(Stored items from a collection)
-------

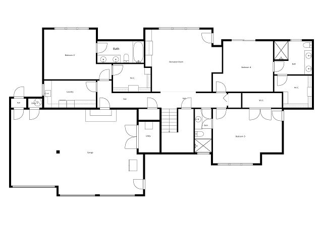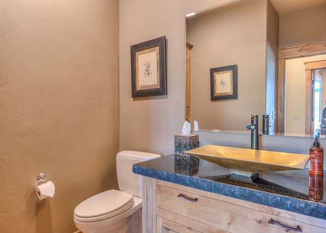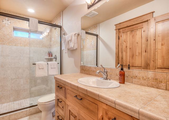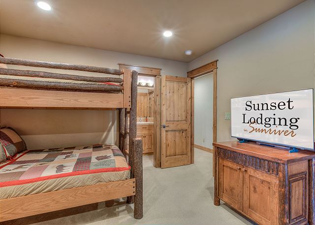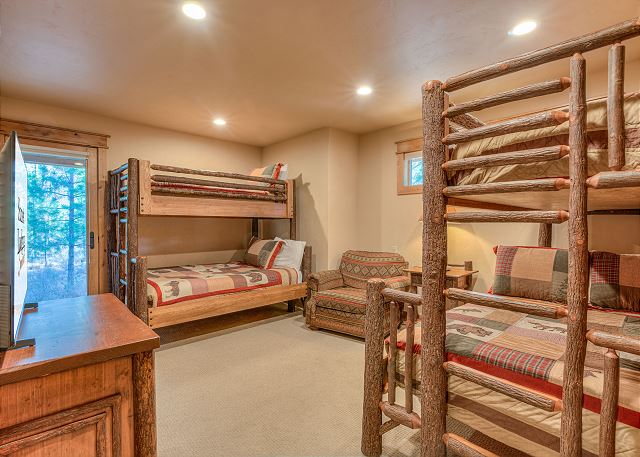 Downstairs features two additional king en suites for added privacy and convenience. One king master (listed as Bedroom #2 on the floor plan) has a private TV and features a full size wooden crib, for those family members who are traveling with an infant. The bathroom has a tub shower combo. The second downstairs king master also has a private TV with access to the downstairs deck. The en suite is equipped with a walk-in shower. The final bedroom has two pyramid bunk beds (twin/double), a private TV, and a jack’n’hall bathroom with a walk-in shower. This bedroom offers a fun and functional space for kids or additional guests, making this home an excellent choice for multi-family stays.
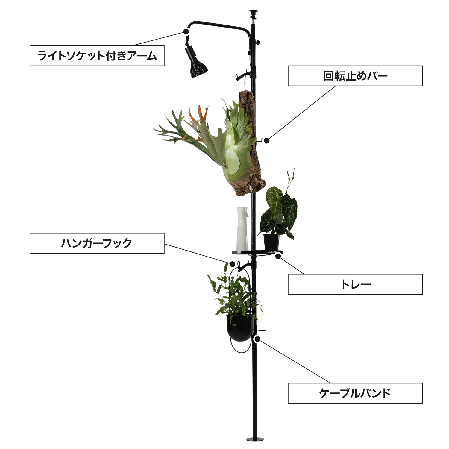 - 【部屋のどこでも好きな場所で育てられる】ツッパリ式だから、部屋の好きな場所を育成スペースに。「吊るす育成」が、もっと自由に楽しめます。
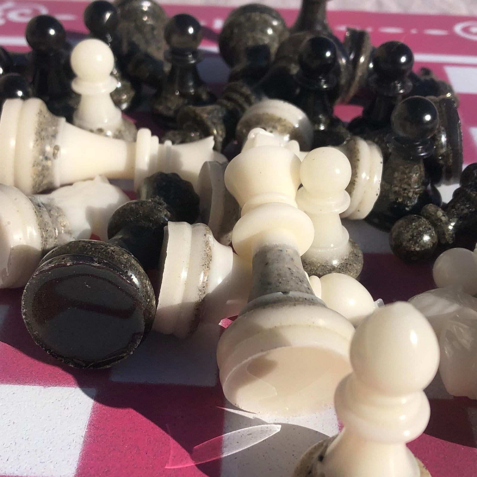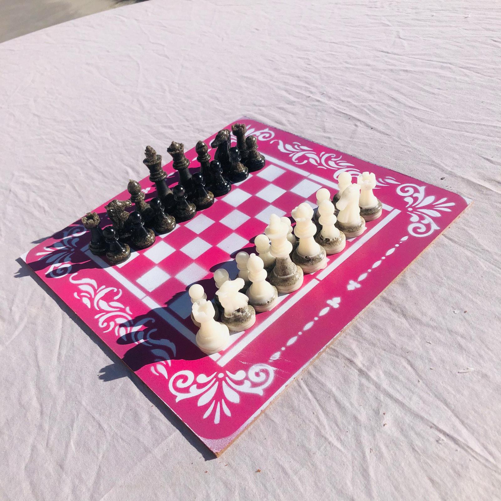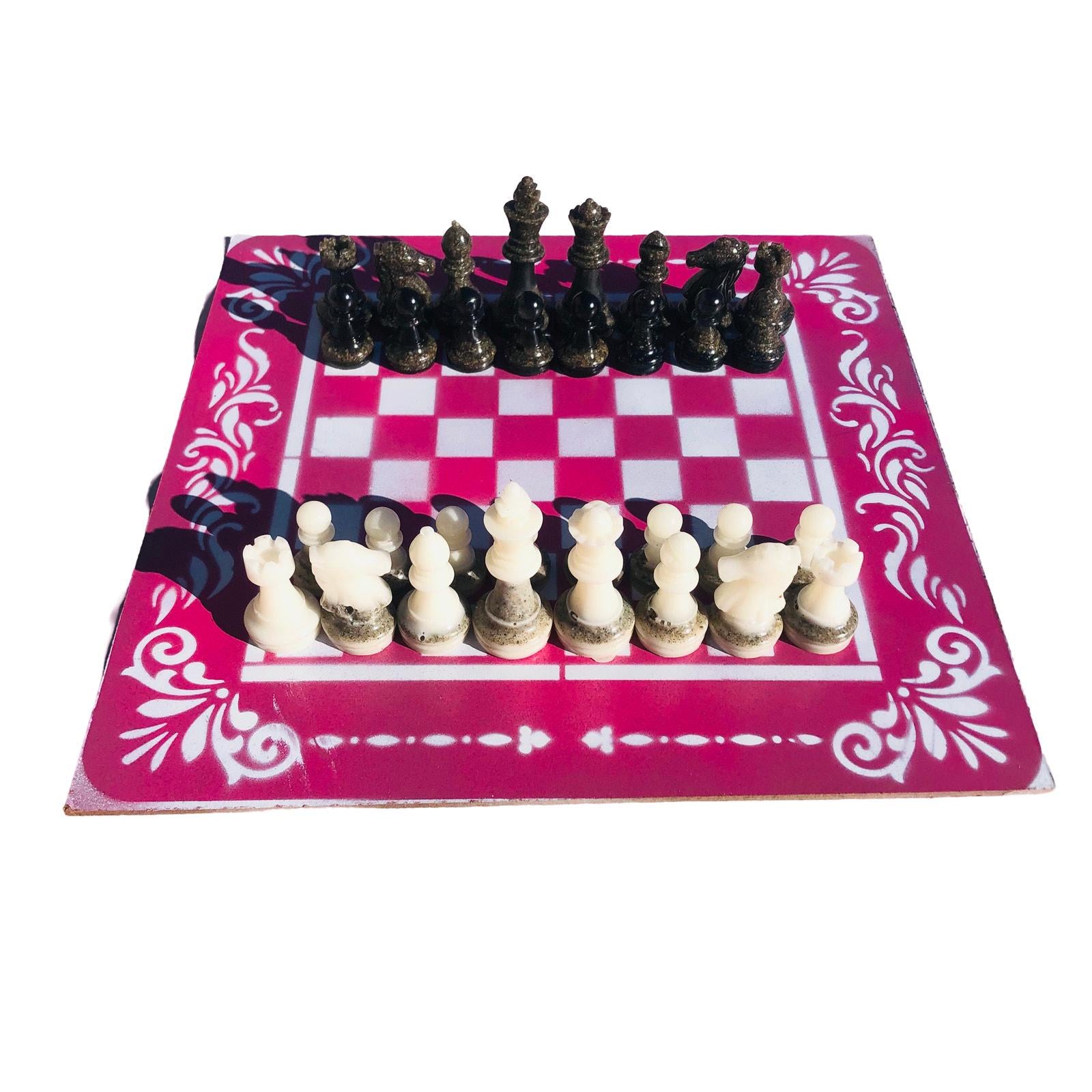 Introducing our exclusive Handcrafted Hardboard Chess Set, meticulously designed with precision and care. Measuring 12 inches by 12 inches, this chess set features a beautifully painted hardwood board that doubles as a work of art. Each set is a unique, one-of-a-kind creation, crafted by hand to ensure that no two sets are alike. Elevate your gaming experience with this exceptional chess set that combines vibrant design with the touch of artisan craftsmanship. This chess board comes with chess pieces.
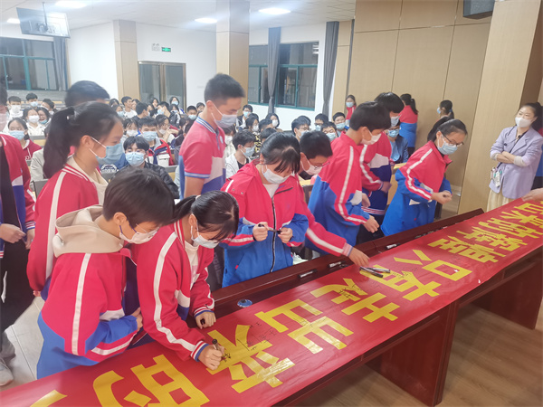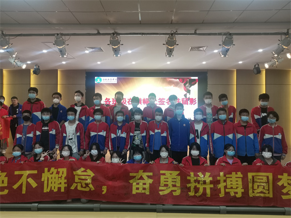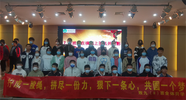 九年级各班学生分别上台签名并合影留念,一张张笑脸将美好的瞬间永远定格。
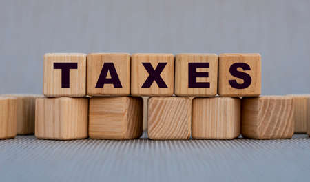 TAXES - word on wooden cubes on a beautiful gray background. Business concept
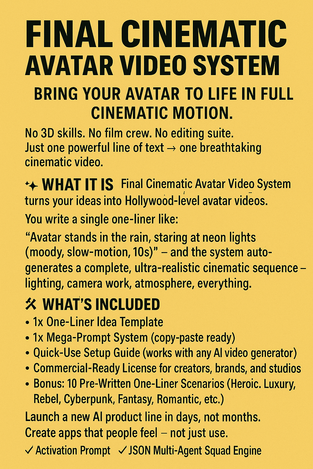 Final Cinematic Avatar Video System Agent AI™ Create Ultra-Realistic, Story-Driven Avatar Videos That Convert on Every Platform.
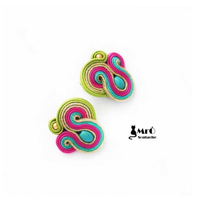 Kolczyki wykonane metodą haftu sutasz (soutache).
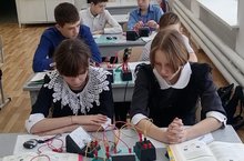 Лабораторная работа по физике "Измерение мощности и силы тока в электрической лампе" проведена в 8 классе с помощью оборудования Центра образования "Точка роста". На уроке учащиеся собирали цепь, определили силу тока и напряжение, используя две шкалы деления амперметра и вольтметра.
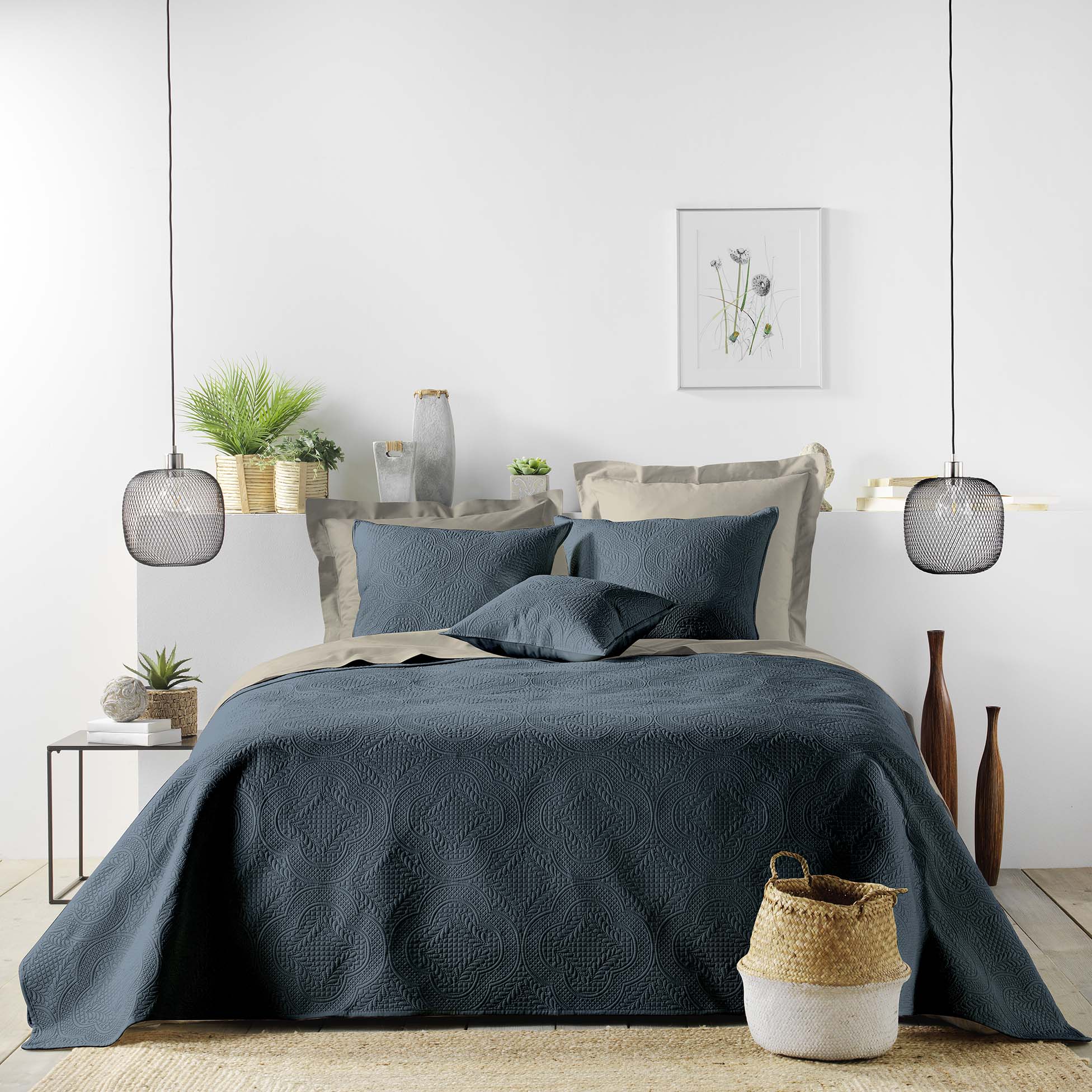 Couvre lit matelasse Romano Dimensions : largeur 220 x longueur 240 cm (lit 2 personnes). Matière : 100 % polyester microfibre (65 gr/m²). Finition : finition biais. Imprimé : couvre-lit matelassé style ethnique. Entretien: lavage à 40° séparément, repassage possible. Certification Oeko-Tex® Garantit que les articles testés et certifiés ne présentent pas de substances nocives pouvant nuire à la santé. Les accessoires, les oreillers, les taies, les draps présents sur le visuel ne sont pas vendus avec le Couvre lit. Sans housse de coussin , les housses sont vendues a part à l'unité afin de pouvoir faire des assortiments
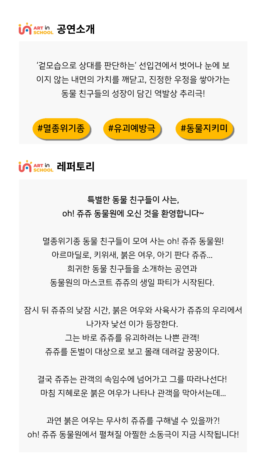 특별한 동물들이 사는 oh! 쥬쥬 동물원에서 벌어진 아기 판다 쥬쥬 유괴 소동을 통해 멸종위기 동물 보호의 중요성을 깨닫는 이야기.
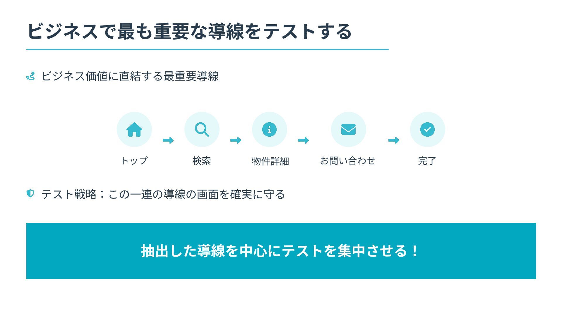 ビジネスで最も重要な導線をテストする ビジネス価値に直結する最重要導線 トップ 検索 物件詳細 お問い合わせ 完了 テスト戦略:この⼀連の導線の画⾯を確実に守る 抽出した導線を中⼼にテストを集中させる!
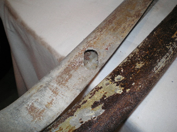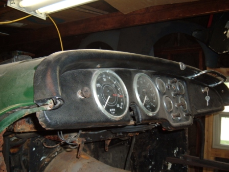 I have 2 dash rails from ebay. One has a pair of elongated holes on both sides (for the handle). It has been recovered over top what might be original leather. The mounting holes seem to line up perfectly with the holes in the body of the car.
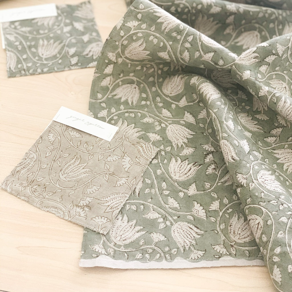Featuring a delicate floral pattern hand block printed using traditional printing techniques, we love the soft color and texture that gives this fabric so much character. Made using incredibly soft linen, it is a bit of modern, a bit of boho, and loads of warmth. We’re dreaming of these for farmhouse-style spaces filled with light and greenery.
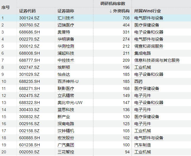 具体到调研标的,外资调研的方向主要聚焦于科技创新和高端制造两大赛道。其中,汇川技术以708家的外资机构调研数量位居首位;迈瑞医疗和奥普特分别以404家和331家次之,位列第二、第三。此外,华明装备、华测检测、澜起科技和中控技术也均吸引了超过200家外资机构前来调研。
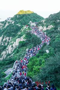 (250731) -- TAI'AN, 31 julio, 2025 (Xinhua) -- Turistas visitan el monte Tai, en Tai'an, en la provincia de Shandong,...
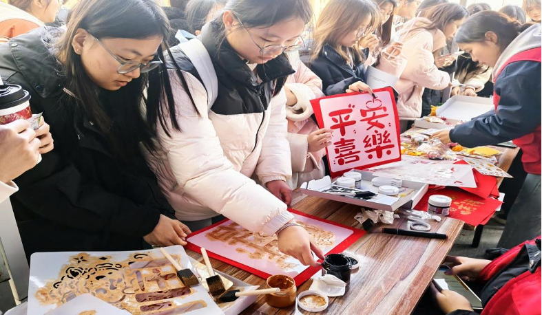 与此同时,充满趣味与意义的婚恋新风主题互动市集同步开放。市集设置手工社团展示区、核心游戏互动区、专业咨询解读区三大特色区域,将健康婚恋观念融入沉浸式体验之中。在手工社团展示区,同学们用扭扭棒编织情感纽带、手写“家”字传递温暖祝福,以手工共创的形式诠释“用心经营,生活皆可成艺”的积极理念;核心游戏互动区内,“心意漫邮”让大家在书信往来中传递心声与期许,“观念解码”盲盒挑战让青年在趣味互动中学习婚恋知识、澄清认知误区;专业咨询解读区里,区婚调中心调解员与区妇幼保健专家坐镇,为有需要的师生提供一对一的公益咨询服务,精准解答婚恋困惑、普及情感心理与妇幼健康知识,及时回应青年关切。
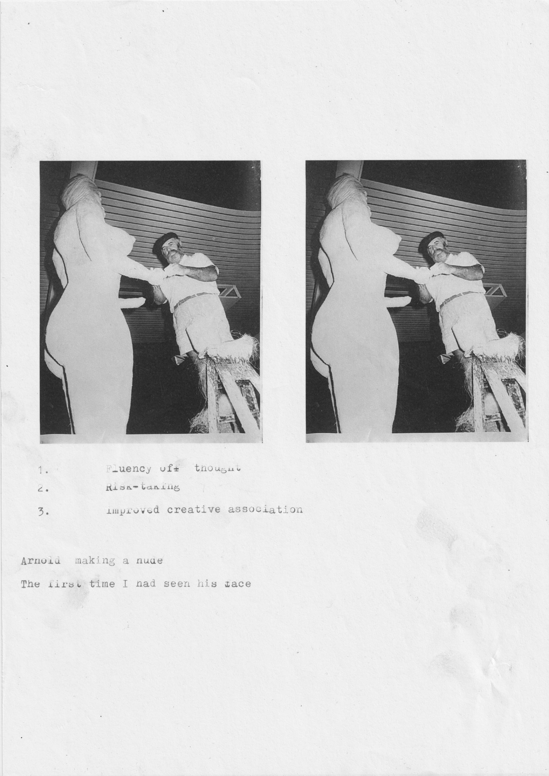 It’s easy to write a sensationalist piece when you’re sitting on a good story. Way easier than you would think. It’s almost better to start with a simple piece of information and make it interesting. This is not a simple piece of information. The conversation that transpired between Corrina and I during our time spent together was full of theatre and interest. And yet, not much of it can empirically be used in writing. If you’ve been paying attention, you can guess at its skeleton. Arnold had some kind of manic depressive disorder, most likely bipolar. There’s a love story in there, a tragedy, a comedy. And at the end of our talk, there are still gaps. I still don’t know anything about Arnold’s life before around ‘64 ( he was 38 by then), or why he signed his work ‘Rip’, or whether anyone knew where that giant golden horse of his went. Again, the feeling of a near-miss. Like I grazed something good a few times but didn’t catch it. The prospect of what could have been: the detriment of imagination! The seductive trap of using it to gain insight into a timeline that isn’t even our own. How special. How ordinary - that we are given this gift and use it to doubt ourselves. It is the human cliche over which I trip. Let’s play.

-------

- **EXERCISE REQUIREMENTS**
Output only the lines above from the line that holds "Featuring a delicate" through the line that holds "(250731) -- TAI'AN, 31", both ends included, and exclude pictures.

- **SOLVED PROBLEM**
Featuring a delicate floral pattern hand block printed using traditional printing techniques, we love the soft color and texture that gives this fabric so much character. Made using incredibly soft linen, it is a bit of modern, a bit of boho, and loads of warmth. We’re dreaming of these for farmhouse-style spaces filled with light and greenery.
 具体到调研标的,外资调研的方向主要聚焦于科技创新和高端制造两大赛道。其中,汇川技术以708家的外资机构调研数量位居首位;迈瑞医疗和奥普特分别以404家和331家次之,位列第二、第三。此外,华明装备、华测检测、澜起科技和中控技术也均吸引了超过200家外资机构前来调研。
 (250731) -- TAI'AN, 31 julio, 2025 (Xinhua) -- Turistas visitan el monte Tai, en Tai'an, en la provincia de Shandong,...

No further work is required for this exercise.